11. The process of claim 8, wherein the poly(N-isopropylacrylamide-co-acrylamide) nanoparticles includes a concentration between about 2 to 4% w/v in the stock suspension.

12. The process of claim 8, wherein the dissolving step includes a temperature of about 23° C.

13. The process of claim 8, wherein the photoinitiator solution includes an antioxidant.

14. The process of claim 8, wherein the exposing step includes the rate and period of time for biocompatibility.

15. The process of claim 8, further comprising immersing the composite nanoparticle hydrogel network in a second solution containing poly(ethylene glycol)diacrylate and a photoinitiator, and exposing the second solution to ultraviolet light to form an outer layer cross-linked layer of poly(ethylene glycol)diacrylate.

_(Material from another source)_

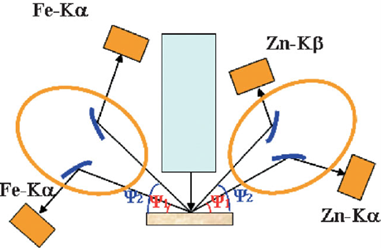 本発明は、従来よりも正確にめっき層の付着量と組成を分析できる蛍光X線分析技術です。測定深さ※1の違いによる影響を少なくするため、入射角と取出角の異なる2つの光学系を用い、めっき層の全ての深さを分析対象としました。これにより、めっき層全体の組成情報に基づく正確な分析が可能となりました。本発明は、自動車の車体などに用いられる合金化溶融亜鉛めっき鋼板の品質管理に大きく貢献しています。

16. A composite nanoparticle hydrogel system comprising a precursor solution including of the PNIPA-acrylamide (PNIPA-AAm) nanoparticles loaded with a bioactive molecule, a plurality of photoinitiators, and a plurality of PEGDA monomers, wherein exposing the precursor solution to ultraviolet (UV) light forms a hydrogel network uniformily entrapping the PNIPA-AAm nanoparticles to form a protective barrier.

17. The system of claim 16, wherein the photoinitiator solution includes a concentration to increase cell survival.

18. The system of claim 16, wherein the precursor solution includes an antioxidant.

19. The system of claim 16, further comprising an immobilized adhesion peptide incorporated with the hydrogel network.